Quick question, L.L. Beans Scotch Flannel shirts, what's the fit like compared to say Brooks Brothers regular and slim fit in their casual shirt line?


----------



## Puig (Sep 17, 2013)

I bought one last year in large, I normally wear 16x35 dress shirts, it's scaled big like most Bean clothes, they always seem to run really wide, all their clothes seem to look like 120% scale, big collar, big buttons, everything a little off. I probably should have tried a medium, but assumed it would probably shrink a lot being flannel. I usually size down in any sweater from Bean to a medium, and often avoid alpha sized shirts from them because of the large fit. I'd stick with a medium if you are at all thin. I haven't worn mine much because of the size issue.


----------



## Semper Jeep (Oct 11, 2011)

Puig said:


> I bought one last year in large, I normally wear 16x35 dress shirts, it's scaled big like most Bean clothes, they always seem to run really wide, all their clothes seem to look like 120% scale, big collar, big buttons, everything a little off. I probably should have tried a medium, but assumed it would probably shrink a lot being flannel. I usually size down in any sweater from Bean to a medium, and often avoid alpha sized shirts from them because of the large fit. I'd stick with a medium if you are at all thin. I haven't worn mine much because of the size issue.


This exactly.

I have a couple of Bean flannel shirts that I got in the past couple of years and I really like the material and patterns/colors for the price but they are just so wide (and they don't really shrink that much with washing). Combine that with the fact that I've lost a bunch of weight this year due to increased running and better diet and I doubt I'll be wearing mine at all this fall/winter except for maybe when I need an extra layer working in the yard.
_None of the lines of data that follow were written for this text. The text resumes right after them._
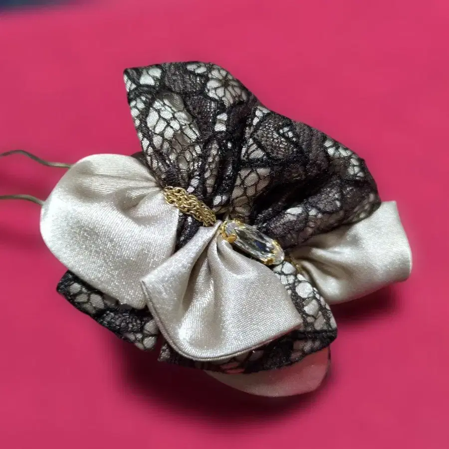 컴플렉스 비즈 헤어콤 새틴 리본 크리스탈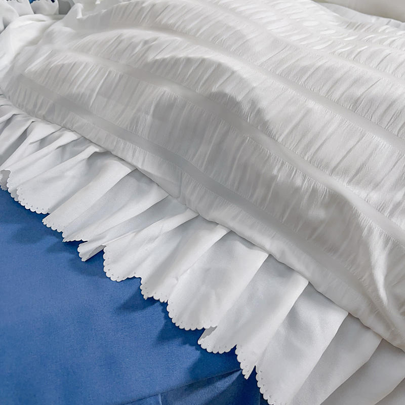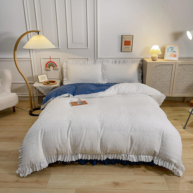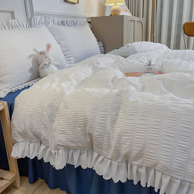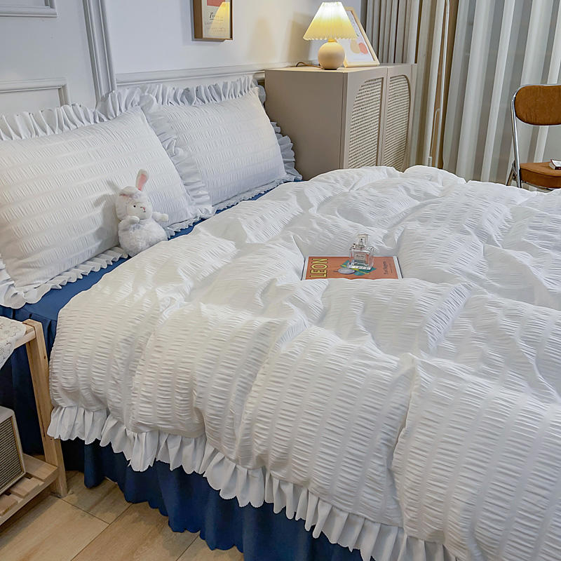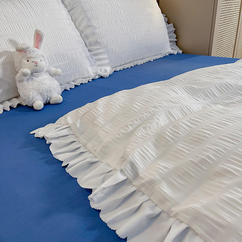 当前位置: 91家纺网 > 商品网购 > 床品套件 > 四件套 > 化纤普通四件套 > 秋艳 荷叶边泡泡纱床裙四件套床单公主系列 泡泡小姐-蓝白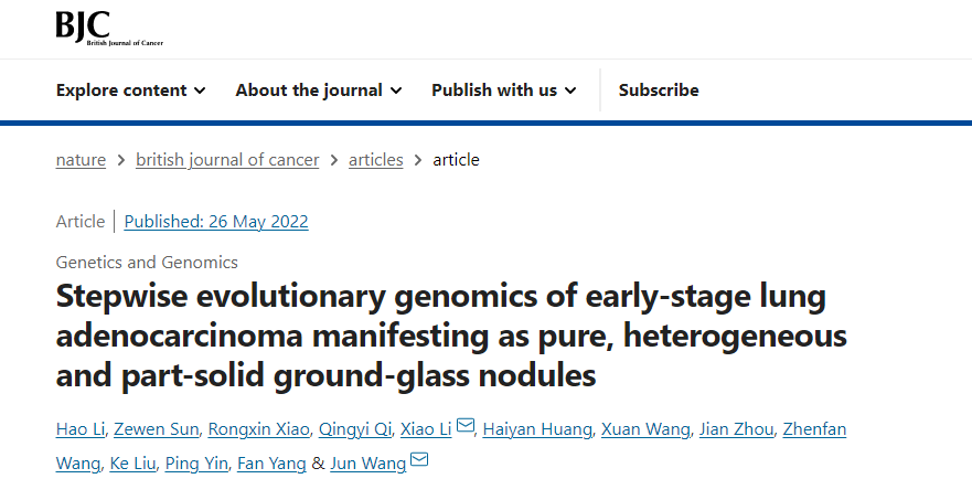 近日,王俊院士團(tuán)隊(duì)與啟明創(chuàng)投投資企業(yè)和瑞基因在亞實(shí)性結(jié)節(jié)型早期肺腺癌的基因組學(xué)研究的合作成果在國際期刊Lung Cancer和British Journal of Cancer發(fā)表。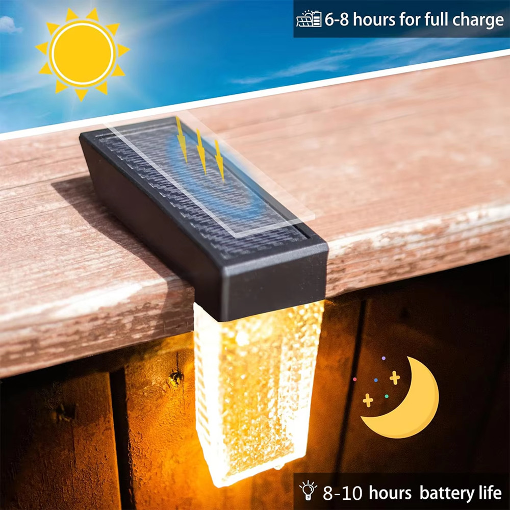 - Solar Powered: The solar fence light has a 700mAh built-in battery, equipped with a solar panel which has high conversion efficiency, and it can work for 6~8 hours at night only need to 8 hours to fully charge under full direct sunlight.

For comparison's sake, I wear a medium in Brooks Brother's slim fit and I find a medium in LL Bean's regular fit even wider than a BB traditional fit.

I really wish LLB would offer more of their mainline shirts in their trim fit (and that their trim fit was even slightly more trim than it is).


----------



## Uncle Bill (May 4, 2010)

Puig said:


> I bought one last year in large, I normally wear 16x35 dress shirts, it's scaled big like most Bean clothes, they always seem to run really wide, all their clothes seem to look like 120% scale, big collar, big buttons, everything a little off. I probably should have tried a medium, but assumed it would probably shrink a lot being flannel. I usually size down in any sweater from Bean to a medium, and often avoid alpha sized shirts from them because of the large fit. I'd stick with a medium if you are at all thin. I haven't worn mine much because of the size issue.


Thanks for the heads up, I'm 16.5 neck and 34 sleeve and I would swim in Bean's shirts if that's the case, I think I'll stop by my local Brooks Brothers and see what they have.


----------



## gamma68 (Mar 24, 2013)

I acquired two recently: one in L from the trad thrift exchange, and another in M directly from LL Bean. I normally wear 16 x 33, BB slim fit.

The fit is similar to what has been described above. I washed the L in hot water and tossed it in the dryer on high and it shrunk enough to be pretty close to a good fit. The M has a pretty nice fit but seems just a tad small. If it shrinks at all, it probably won't work out well for me. Cold water and air drying for that one, exclusively.

I seem to find this dilemma frequently, with a L too large and a M a tad bit small. Sleeve length is a problem. Orivs shirts come to mind.

You may want to consider Lands' End. I think their size M fits me pretty well.


----------



## Tilton (Nov 27, 2011)

Orvis and Bean both make sleeves that are far too short for their labeled sizes, in my mind. I can wear a BB alpha-sized shirt with no problems, but Orvis and Bean often require me to roll the sleeves or look like a ragamuffin.


----------



## Fraser Tartan (May 12, 2010)

Bean will give you garment measurements if you ask customer service.


----------



## HerrDavid (Aug 23, 2012)

Agree with what's been said above. I'd also mention that in addition to featuring a boxy cut, they have rather voluminous sleeves. It's a shame as I do like the shirts otherwise and they're some of the only affordable traditional tartan flannels around (that I've found, at any rate). Still, I can make do by wearing them under a cardigan.

In a happy development, Lands' End has added a few traditional tartans (Macbeth, Stewart Victoria) to their flannel offerings. On sale at the moment too.


----------